5. ADF-allied attorneys often do not disclose their relationships to the group
Media Matters has repeatedly found a lack of transparency with ADF-allied attorneys, as many of its 3,200-plus reported allies do not publicly identify their affiliation with the group. In her report, Posner noted that Trump’s solicitor general, Noel Francisco, was identified as an allied attorney in a 2016 ADF press release but that the relationship is not one “that he has made public,” including in a questionnaire “submitted to the Senate Judiciary Committee in advance of his May confirmation hearing.” She continued, “Francisco’s only acknowledgment of his ADF ties was a mention, on a list of speaking engagements, of his participation on a 2015 panel on law-firm recruiting hosted by the Blackstone Legal Fellowship.”

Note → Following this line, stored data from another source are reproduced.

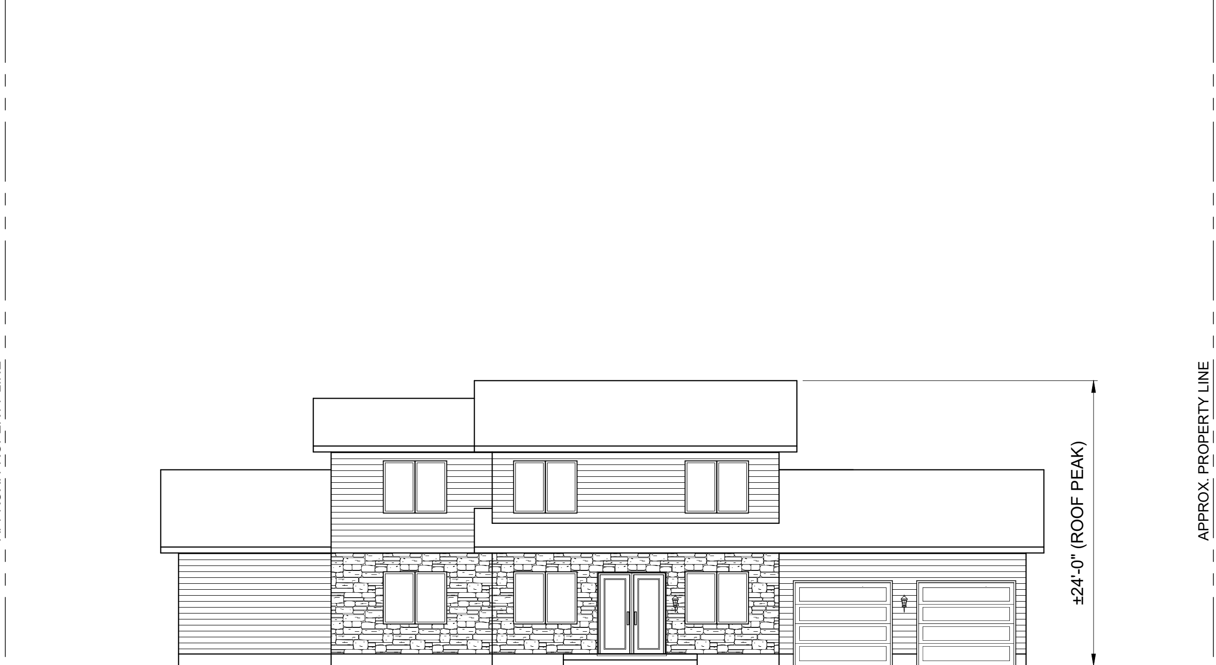
14 CRESCENT RD. EXISTING
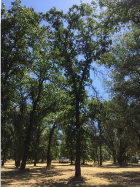
Oak, Valley Tag #: 212 Quercus lobata
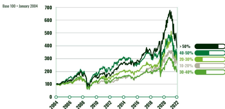
The stock performance according to the share of the company held by the same family

Looking again at the period from January 2004 to October 2022, the stocks of businesses that are more than 50%-owned by the founding family post much higher gains than companies with lower family stakes. This is largely due to better alignment between the interests of shareholders and management. Such majority-owned businesses are also less subject to the demands of minority shareholders whose interests may not be consistent with those of management and/or the company's long-term goals.
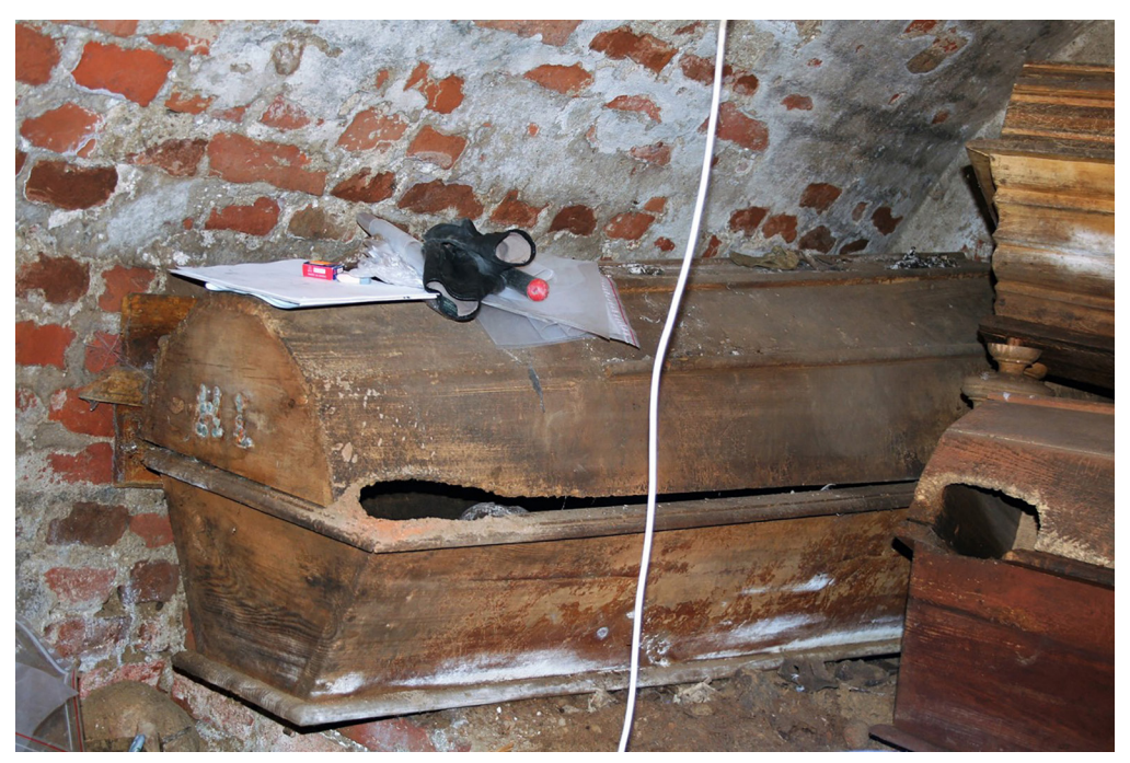
Fig. 6. Gniew. Signs of animal claws on coffins and holes in the planks gnawed by martens.

and their behaviour may be far from respectful to religious sites. This can be illustrated best by the cases of all kinds of crypts situated under churches floors. Sometimes they are excavated by accident, such as the crypt under the floor of St. Anne's chapel in the Church of St. Nicholas in Gniew,<sup>7</sup> and sometimes they are well known and located inside churches, such as that of the
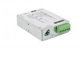
FCDC3 Flowire Ethernet Converter - DC Voltage
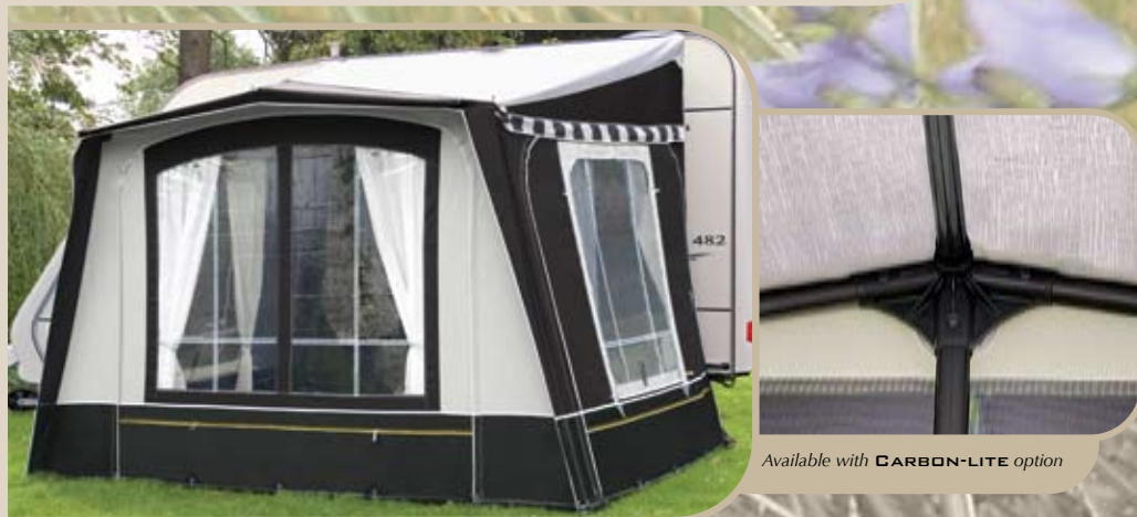
Inset above: Shown in Anthracite/Mercury.

The Vermont is available in the new up to the minute colourways: Anthracite/Mercury or Blue Graphite/Sand. Also available for this superb porch is the new CARBON-LITE frame, making it even easier and lighter to erect. Stunning looks and packed with quality features, at a value for money price, this is a revolutionary new model from the Outdoor Revolution stable.
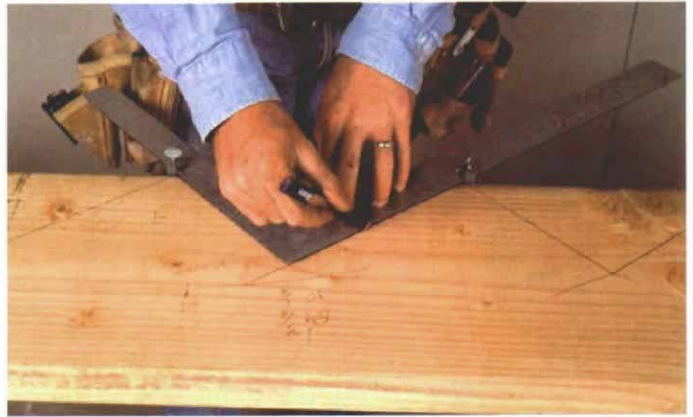
Stair gauges streamline layout. Small clips called stair gauges are attached to the framing square at rise and run measurements to keep the orientation of the framing square the same for each step layout.
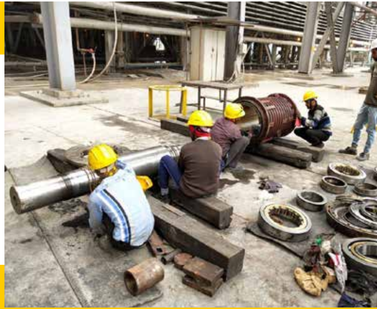
OVERHAULING WORK OF ID FAN AT 2X600MW MB POWER THERMAL PLANT ANNUPUR, MADHYA PRADESH
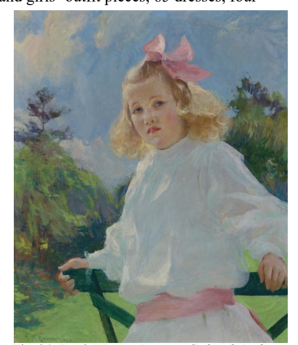
Fig. 24. Frank Weston Benson, Girl with Pink Bow , 1905. Oil on canvas, 30 1/8 X 25 in. Pennsylvania Academy of the Fine Arts; Mary Cassatt Fund. 2009.1.

blouses, and two short jackets are white, recalling the white, frilly dresses Benson's daughters typically wore when sitting for their portraits. Many of these dresses and blouses are trimmed with colorful sashes and neckerchiefs, resembling the styles apparent in paintings such as Girl with Pink Bow (Fig. 24) and The Hilltop (1903; Malden Public Library), which shows Eleanor outfitted in a billowing white dress tied at the waist with a blue sash. Other outfits in the Colton Collection differ in color but match dress patterns seen in Benson's paintings. For example, a
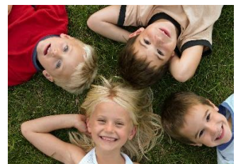
Children's play area
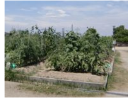
Rental farm plots
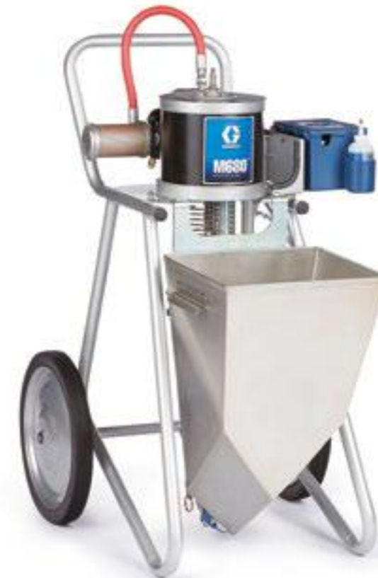
ToughTek M680a CS

The ToughTek M680a piston pump handles abrasive materials such as epoxy mortars, non-skid coatings (bridges and marine industry – solvent based coatings) or cementitious materials, and tackles difficult polymers with fillers such as glass flake, silica or sand. The all stainless design makes cleanup of epoxy mortars easy and worry-free.
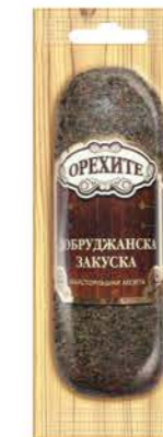
Orehite delicacy zakuska Dobrudzhanska
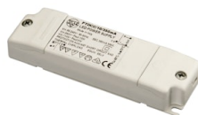
OPTIONAL Power supply

FA68 Power supply 10 x 1W/ 100÷265V - Iout 350mA (7x1W/110V) IP40 Class II Selv Eq.
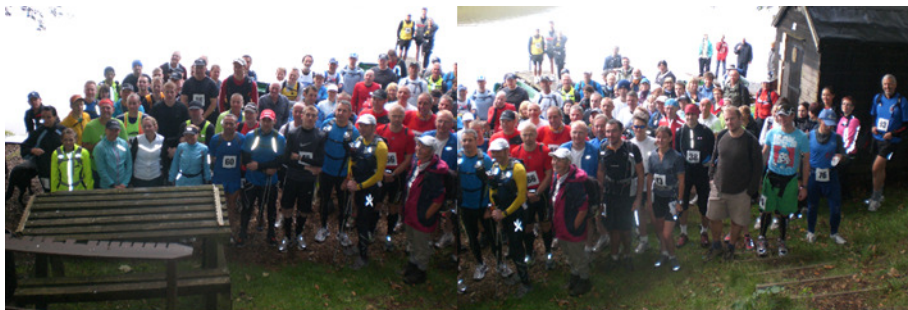
Photo before the start
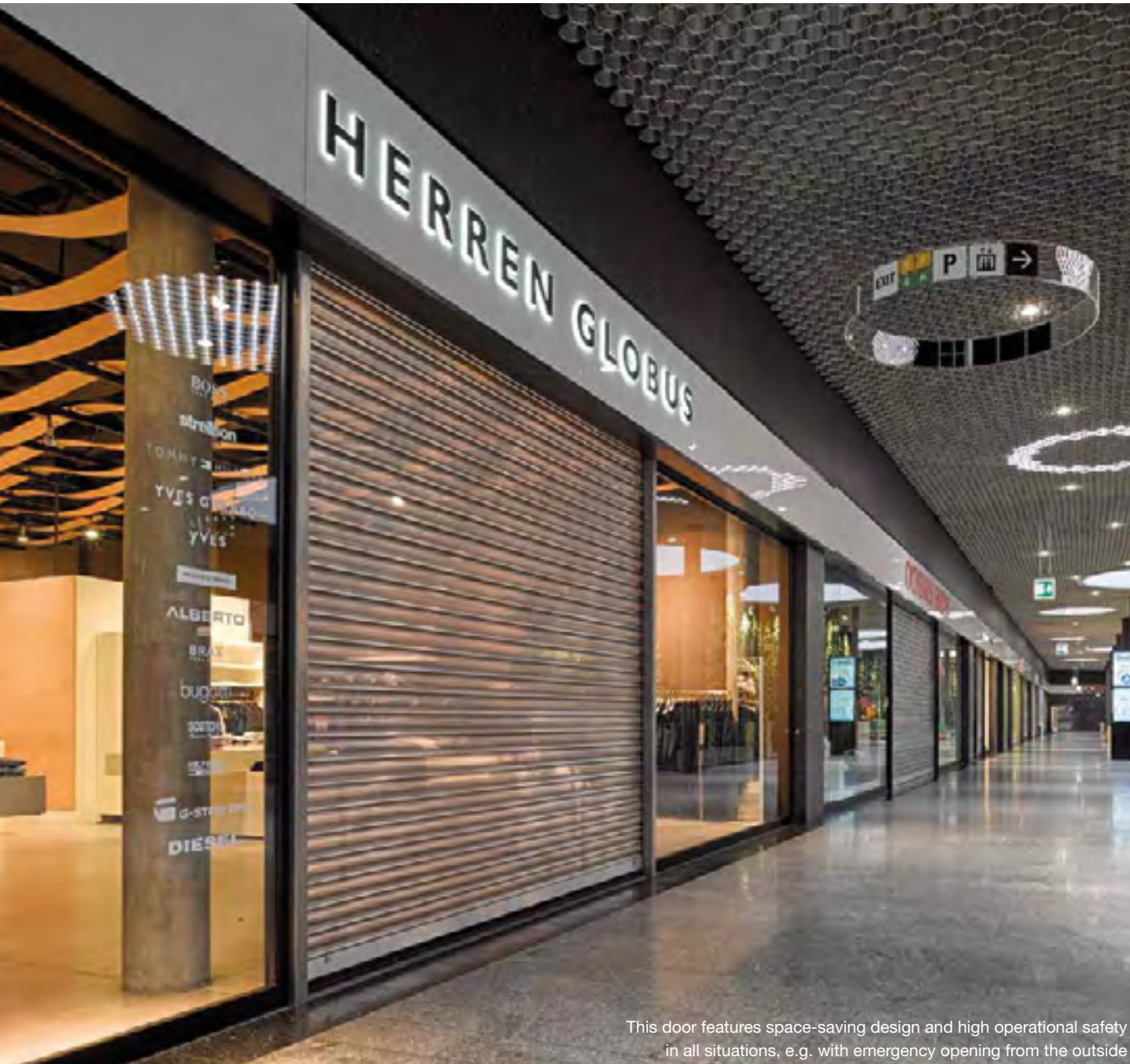
This door features space-saving design and high operational safety in all situations, e.g. with emergency opening from the outside
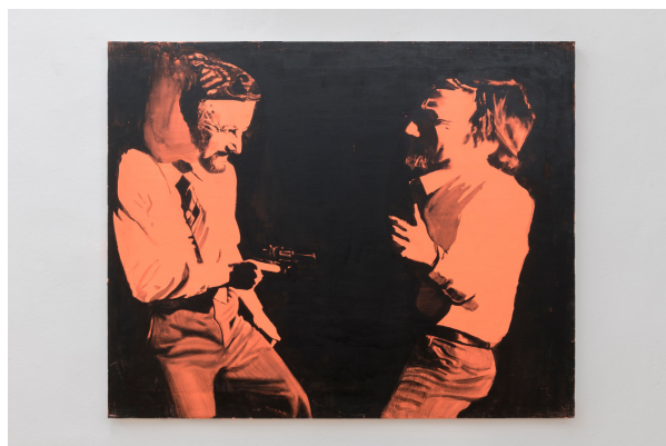
Pere Llobera Vayámonos matando ya, 2013 Oil on canvas 81 x 100 cm
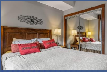
Bedroom With Storage
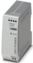
Primary-switched UNO power supply for DIN rail mounting, input: single-phase, output: 5 V DC/40 W

Please be informed that the data shown in this PDF Document is generated from our Online Catalog. Please find the complete data in the user's documentation. Our General Terms of Use for Downloads are valid ( http://phoenixcontact.com/download )
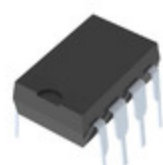
AD586KN Analog Devices Inc. IC VREF SERIES PREC 5V 8DIP
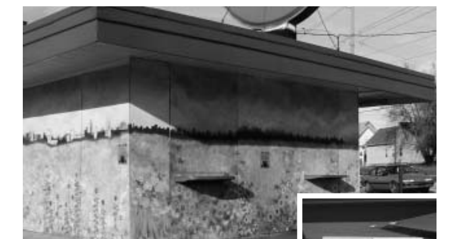
Above: The ice cream parlor decorated with its new mural. Right: The artist/mentor and her students.

The artist designed the mural and did the initial painting on the boards. Then she started a weekly summer art class at Girls Inc. and worked with a number of the 8- to 13-year-old girls who not only spent a part of their summer learning art but also finished painting the boards. The artist donated her time and got a local paint store to donate the paint. Even the installation of the boards was done with donated labor.
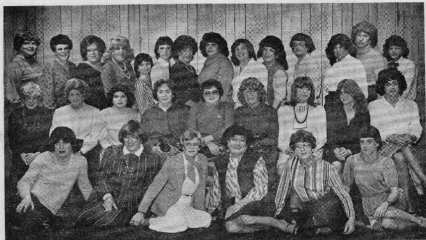
Chi - Delta - Mu

WHAT IS IT? WHOM IS IT FOR? WHAT ARE ITS GOALS?
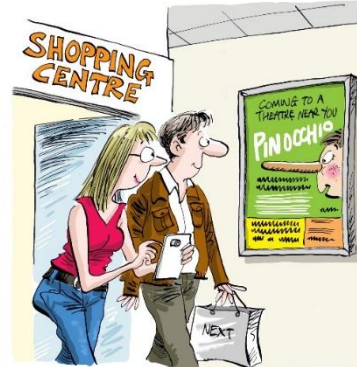
...seeing our poster boards again on the way out
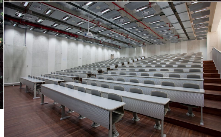
Ewha Womans University Ewha Campus Complex, Medium Auditorium.....
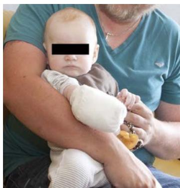
A four-month-old boy who is under treatment for upper urinary tract infection. A follow-up urine sample is not indicated, but if he has symptoms after treatment he must be examined. The parents have accepted that the picture is presented.

6. ADF’s guise of “religious liberty” is essentially exclusively focused on Christians
The Nation conducted “a review of 146 of ADF’s appellate and Supreme Court briefs” and found that its lawyers “are focused almost exclusively on the religious rights of Christians.” Of cases that involved non-Christian religious plaintiffs, the group’s lawyers “weighed in” on only five instances and expressed support for the non-Christian plaintiffs only two times. From the report:
[W]e found just five instances in which ADF’s lawyers weighed in on appellate cases involving religious plaintiffs who were not Christian. In only two of them did ADF express support for the religious-minority plaintiff—once in a case in which a rabbinical organization challenged a public-health regulation on circumcision, and once in support of an Orthodox Jewish day school claiming that a local permitting process violated its religious rights. ADF also weighed in on two cases in support of Muslim prisoners who claimed their religious rights had been violated, but in neither did it address the particular facts of the case, making only arguments about what it considered to be a proper interpretation of the relevant statute and, in one case, how that interpretation would affect Christian organizations.